(Recorded data)
###
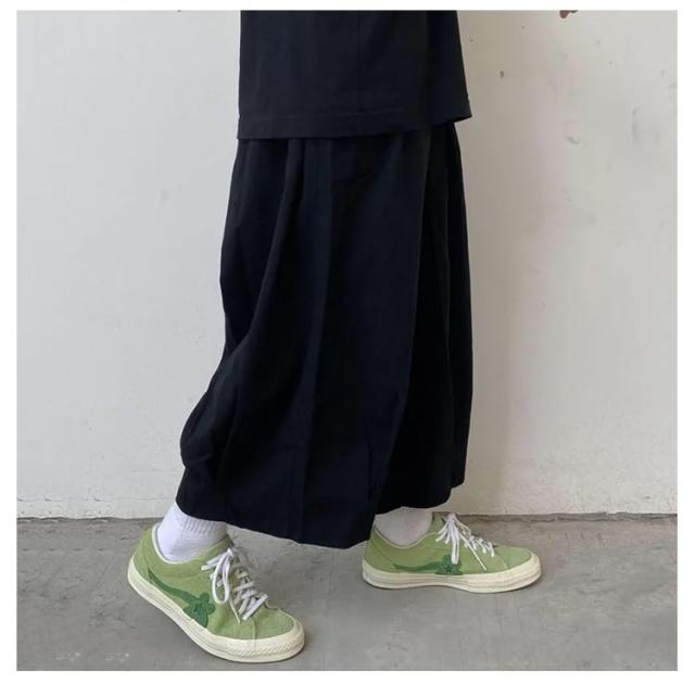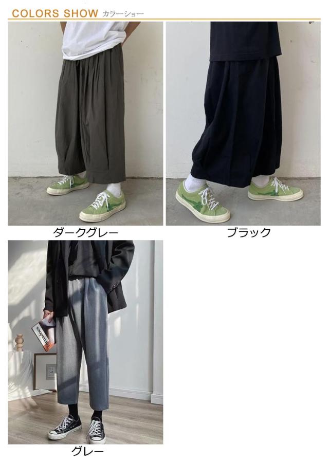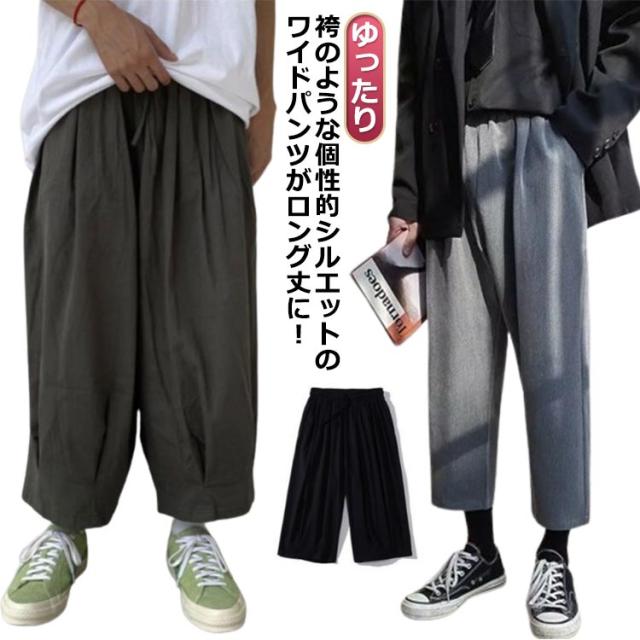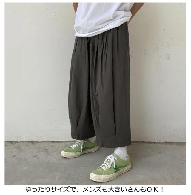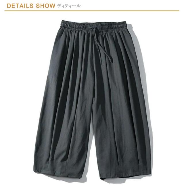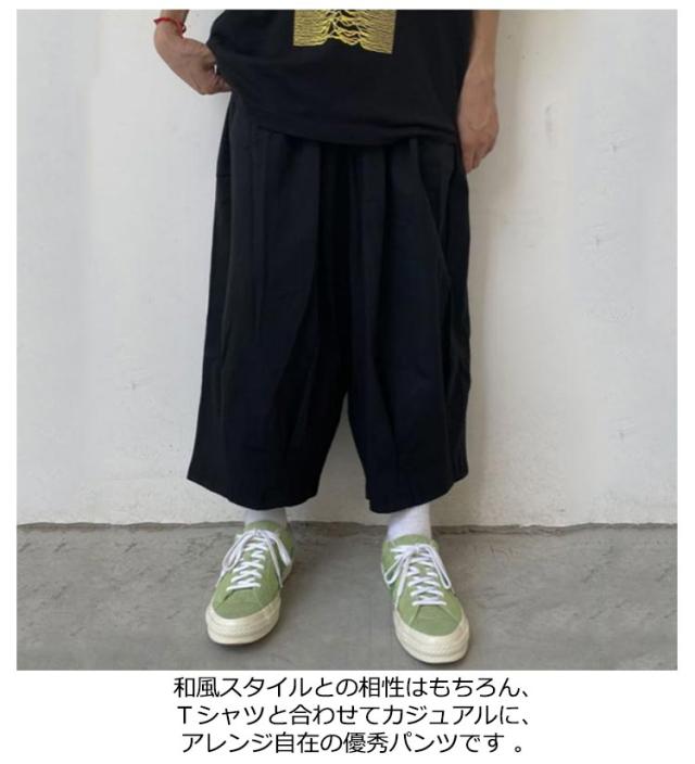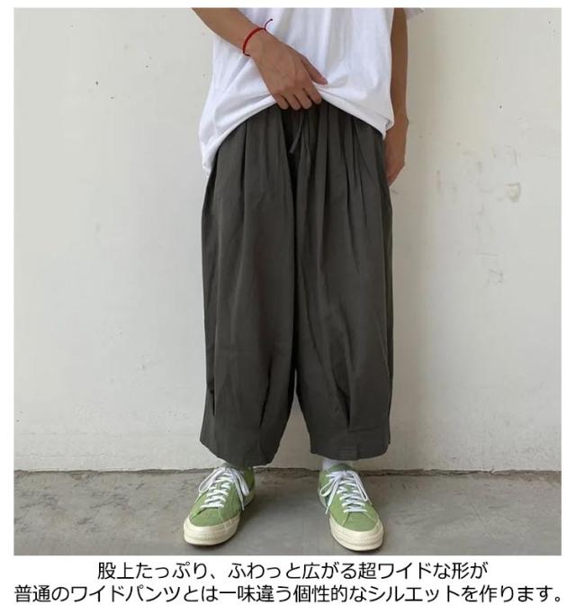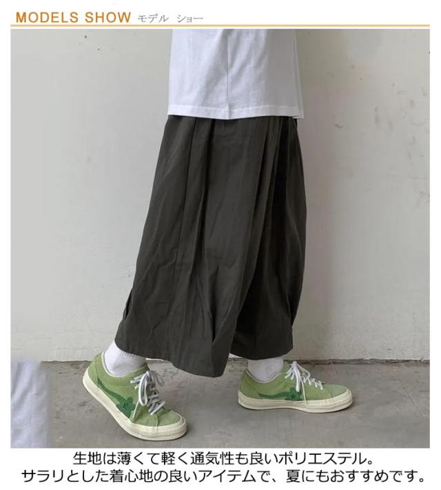 | 袴のような個性的シルエットのワイドパンツがロング丈に! 生地は薄くて軽く通気性も良いポリエステル。サラリとした着心地の良いアイテムで、夏にもおすすめです ゆったりサイズで、メンズも大きいさんもOK! 股上たっぷり、ふわっと広がる超ワイドな形が普通のワイドパンツとは一味違う個性的なシルエットを作ります。 和風スタイルとの相性はもちろん、Tシャツと合わせてカジュアルに、アレンジ自在の優秀パンツです | |
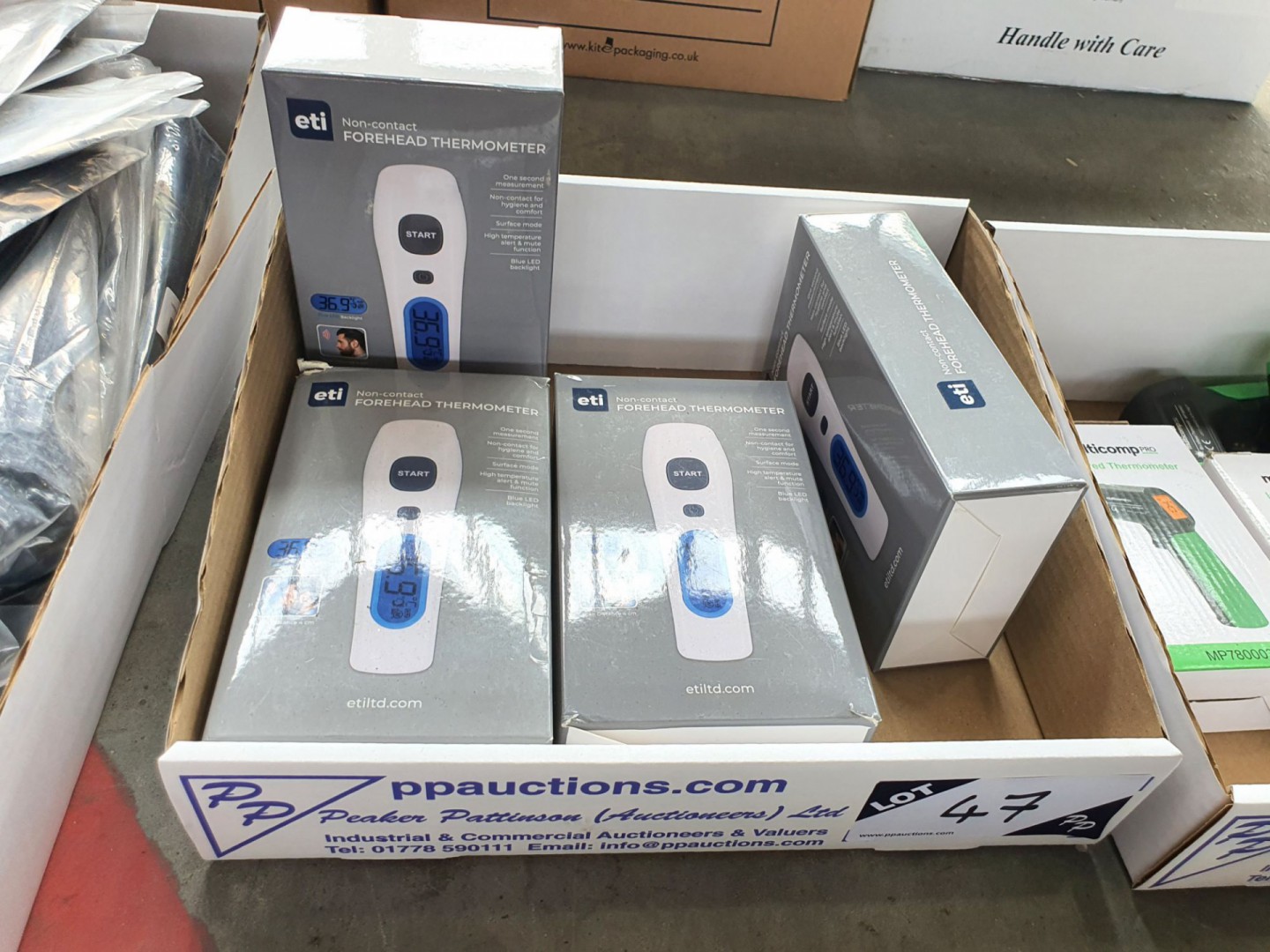 4x Eti 801-590 non-contact forehead thermometers (boxed) - Lot Located at: Alconbury - Building 164
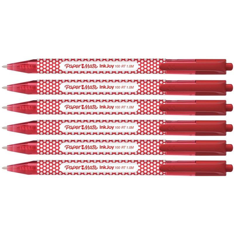 PapermateInkjoy 100 Red Polka Dot Ballpoint Red Ink Retractable Pack of 6 Quick DryingInk To Prevent Smears Smooth Writing Experience 1.0 mm Medium Point Retractable
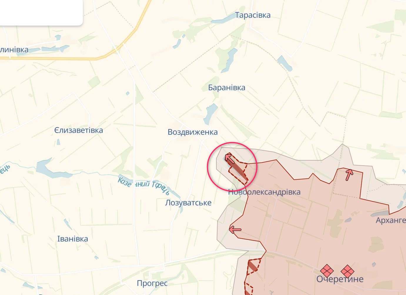 Сейчас россияне закрепляются на западных окраинах деревни, которая находится к северо-западу от Очеретино и в направлении трассы Покровск-Константиновка, которая важна для общей логистики ВСУ в Донецкой области.
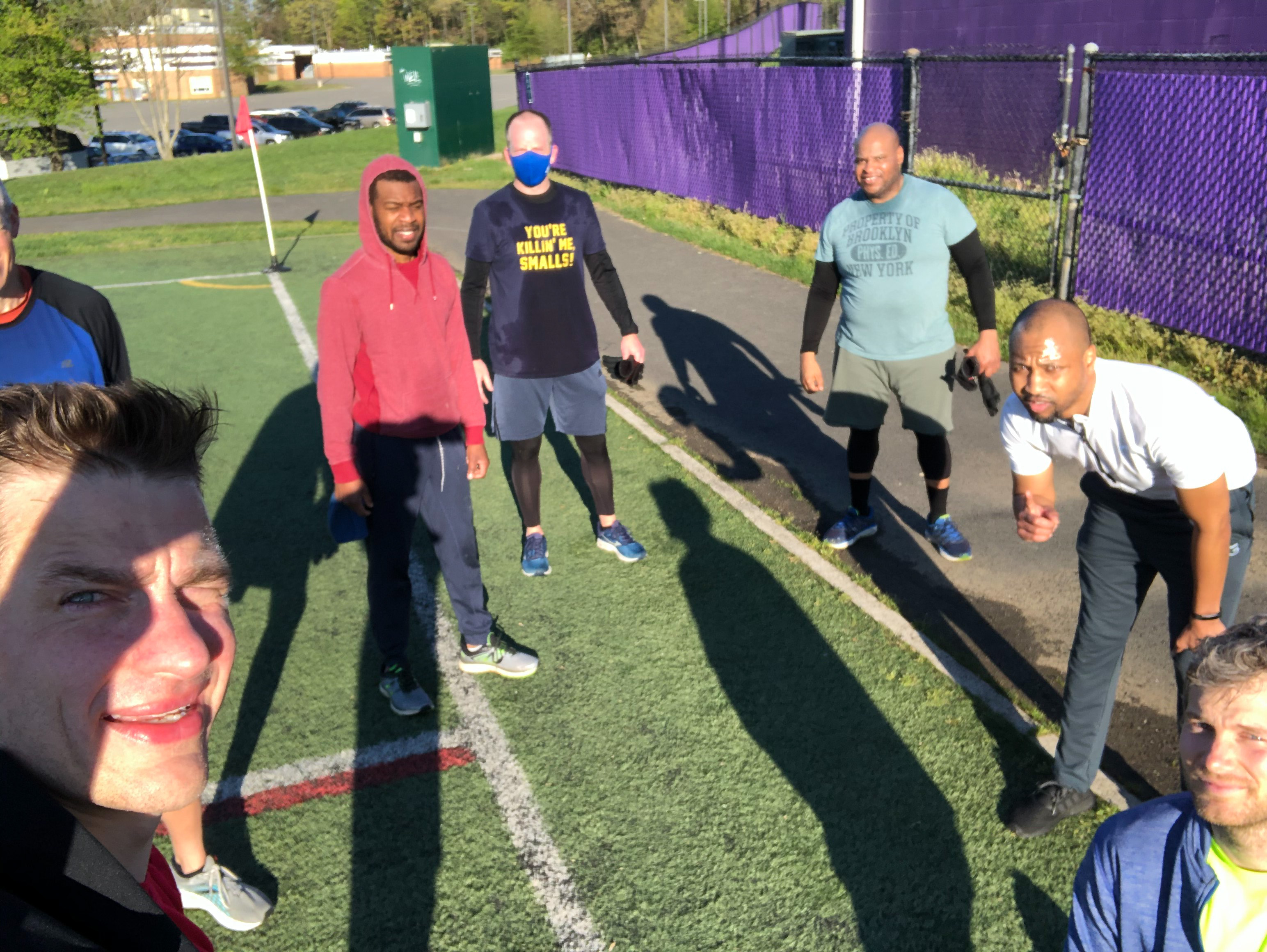 With over 20 minutes left on the clock, YHC lined the PAX up on the end line. They didn’t know it at the time, but YHC was waiting to hear the first prediction of what we were going to do next and did it. Expecting to hear sprints, or lunge walks, or shuttle runs, etc. But apparently YHC has a reputation for doing burpees and the “burpee century” was the first thing I heard. So, we set out doing 1 burpee/yard the entire length of the field. To maintain a good pace we had a timer going, 10 yard (i.e., burpees)/minute. Ten minutes later we were done.
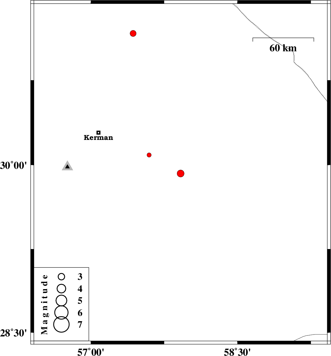 | 2016/07/29 | 12:27:01.4 | 16:57:01.4 | 30.089 | 57.596 | 14 | ML2 | Kerman Province, 54 km South-East of Kerman | ||
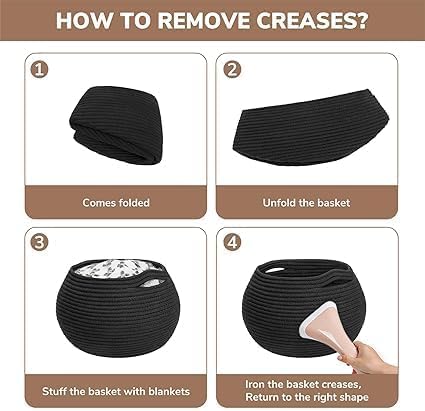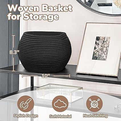 Generic - سلة تخزين من الحبال القطنية، وعاء دائري منسوج، حاوية مزخرفة لغرفة المعيشة - أسود
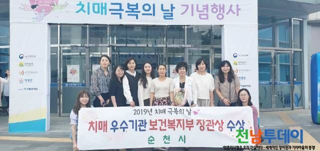 【전남투데이 구정준 기자】순천시는 지난 20일 영광 예술의 전당에서 열린 2019년 제12회 치매극복의 날 기념식에서 치매프로그램 우수기관으로 선정돼 보건복지부장관상을 수상했다.
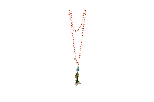 La Collana Bubble Fish FEMME ROUGE, รจ una collana in ottone e pietre. Ciondolo in ottone smaltato e resina acetato.
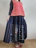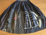半纏、藍無地、雪ん子などをパッチワークしてギャザースカート作りました。
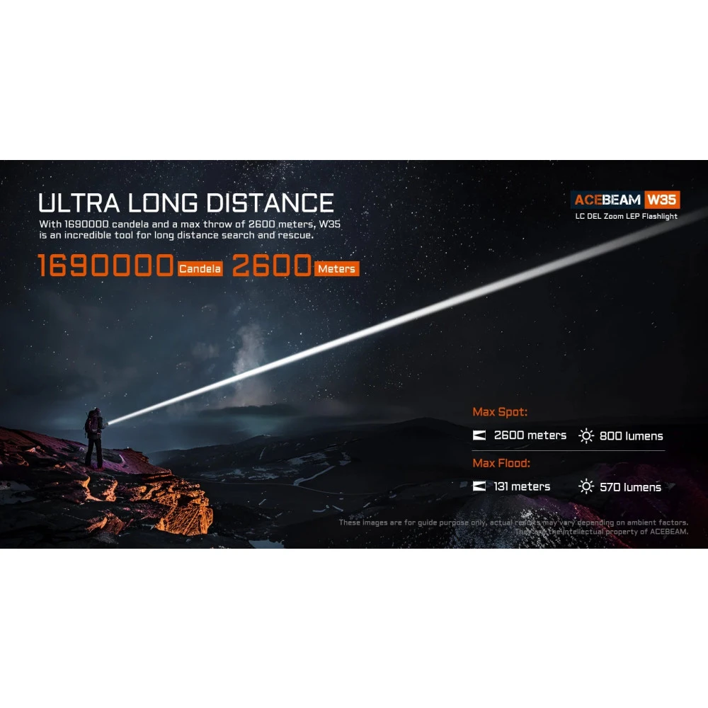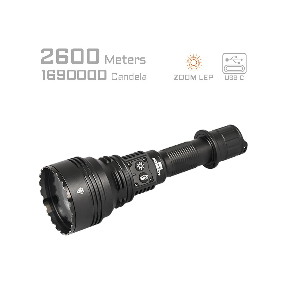 Maximum light concentration: 2600 metres (1690000cd); 800 lumens
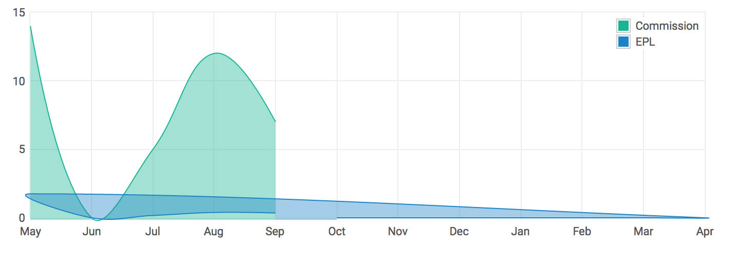 "data": [["Oct", 0],["Nov", 0],["Dec", 0],["Jan", 0],["Feb", 0],["Mar", 0],["Apr", 0],["May", 1.75],["Jun", 0.00],["Jul", 0.17],["Aug", 0.39],["Sep", 0.35]]
###
• _TASK DETAILS_
What you should return is the exact text of every line from the top of the entries through the line with "PapermateInkjoy 100 Red", pictures removed.

• _RESULT OF THE EXERCISE_
 | 袴のような個性的シルエットのワイドパンツがロング丈に! 生地は薄くて軽く通気性も良いポリエステル。サラリとした着心地の良いアイテムで、夏にもおすすめです ゆったりサイズで、メンズも大きいさんもOK! 股上たっぷり、ふわっと広がる超ワイドな形が普通のワイドパンツとは一味違う個性的なシルエットを作ります。 和風スタイルとの相性はもちろん、Tシャツと合わせてカジュアルに、アレンジ自在の優秀パンツです | |
 4x Eti 801-590 non-contact forehead thermometers (boxed) - Lot Located at: Alconbury - Building 164
 PapermateInkjoy 100 Red Polka Dot Ballpoint Red Ink Retractable Pack of 6 Quick DryingInk To Prevent Smears Smooth Writing Experience 1.0 mm Medium Point Retractable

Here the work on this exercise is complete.